Besides, if Lincoln were alive now, it’s hard to imagine that he’d even put his top hat in the ring. In a world filled with divisiveness and derision, evidence shows that members of Congress are increasingly rewarded for incivility. And they know it.

A lottery would give a fair shot to people who aren’t tall enough or male enough to win. It would also open the door to people who aren’t connected or wealthy enough to run. Our broken campaign finance system lets the rich and powerful buy their way into races while preventing people without money or influence from getting on the ballot. They’re probably better candidates: Research suggests that on average, people who grow up in low-income families tend to be more effective leaders and less likely to cheat — they’re less prone to narcissism and entitlement.

Switching to sortition would save a lot of money too. The 2020 elections alone cost upward of $14 billion. And if there’s no campaign, there are no special interests offering to help pay for it.

Finally, no voting also means no boundaries to gerrymander and no Electoral College to dispute. Instead of questioning whether millions of ballots were counted accurately, we could watch the lottery live, like we do with teams getting their lottery picks in the NBA draft.

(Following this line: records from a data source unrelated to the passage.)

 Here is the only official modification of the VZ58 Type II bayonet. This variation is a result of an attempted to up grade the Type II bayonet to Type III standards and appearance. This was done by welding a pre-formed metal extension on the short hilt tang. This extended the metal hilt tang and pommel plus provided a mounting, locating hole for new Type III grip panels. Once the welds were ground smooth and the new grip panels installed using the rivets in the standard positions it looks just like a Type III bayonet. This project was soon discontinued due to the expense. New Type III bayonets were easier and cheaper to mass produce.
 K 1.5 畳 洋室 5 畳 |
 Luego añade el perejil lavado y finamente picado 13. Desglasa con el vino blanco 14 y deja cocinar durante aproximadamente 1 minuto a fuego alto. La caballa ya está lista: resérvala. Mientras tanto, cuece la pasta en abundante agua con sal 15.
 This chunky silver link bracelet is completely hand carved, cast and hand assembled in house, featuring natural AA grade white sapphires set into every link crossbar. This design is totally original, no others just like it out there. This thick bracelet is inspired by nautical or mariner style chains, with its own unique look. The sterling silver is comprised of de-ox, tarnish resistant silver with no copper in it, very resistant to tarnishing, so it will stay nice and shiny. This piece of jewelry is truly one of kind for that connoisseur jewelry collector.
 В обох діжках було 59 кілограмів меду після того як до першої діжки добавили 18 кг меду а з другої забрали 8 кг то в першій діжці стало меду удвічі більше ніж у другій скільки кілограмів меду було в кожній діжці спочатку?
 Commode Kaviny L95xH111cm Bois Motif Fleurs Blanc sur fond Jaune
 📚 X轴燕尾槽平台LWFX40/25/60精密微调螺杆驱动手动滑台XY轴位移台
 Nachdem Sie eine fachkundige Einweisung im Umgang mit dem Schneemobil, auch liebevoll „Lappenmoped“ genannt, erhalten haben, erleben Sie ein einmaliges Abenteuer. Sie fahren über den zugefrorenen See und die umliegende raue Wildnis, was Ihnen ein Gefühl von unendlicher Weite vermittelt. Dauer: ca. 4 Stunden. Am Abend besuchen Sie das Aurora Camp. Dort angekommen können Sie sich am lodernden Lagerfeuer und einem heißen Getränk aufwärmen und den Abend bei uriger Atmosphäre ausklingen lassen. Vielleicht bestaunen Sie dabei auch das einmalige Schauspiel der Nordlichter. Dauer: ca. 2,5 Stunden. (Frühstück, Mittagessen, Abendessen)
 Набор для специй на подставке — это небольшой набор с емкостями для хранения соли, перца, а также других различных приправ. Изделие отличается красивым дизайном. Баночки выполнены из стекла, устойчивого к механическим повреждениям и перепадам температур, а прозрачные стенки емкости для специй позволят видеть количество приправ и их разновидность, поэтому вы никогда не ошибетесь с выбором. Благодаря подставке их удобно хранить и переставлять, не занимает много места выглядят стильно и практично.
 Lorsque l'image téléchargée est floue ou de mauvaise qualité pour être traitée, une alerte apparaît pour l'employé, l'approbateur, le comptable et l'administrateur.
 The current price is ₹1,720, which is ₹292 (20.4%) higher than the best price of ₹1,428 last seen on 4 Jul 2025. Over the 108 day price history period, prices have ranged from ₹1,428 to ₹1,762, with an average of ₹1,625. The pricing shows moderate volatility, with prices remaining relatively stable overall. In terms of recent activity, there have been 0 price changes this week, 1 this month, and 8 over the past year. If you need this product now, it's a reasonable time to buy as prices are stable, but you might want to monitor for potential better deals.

Other countries have begun to see the promise of sortition. Two decades ago, Canadian provinces and the Dutch government started using sortition to create citizens’ assemblies that generated ideas for improving democracy. In the past few years, the French, British and German governments have run lotteries to select citizens to work on climate change policies. Ireland tried a hybrid model, gathering 33 politicians and 66 randomly chosen citizens for its 2012 constitutional convention. In Bolivia, the nonprofit Democracy in Practice works with schools to replace student council elections with lotteries. Instead of elevating the usual suspects, it welcomes a wider range of students to lead and solve real problems in their schools and their communities.

As we prepare for America to turn 250 years old, it may be time to rethink and renew our approach to choosing officials. The lifeblood of a democracy is the active participation of the people. There is nothing more democratic than offering each and every citizen an equal opportunity to lead.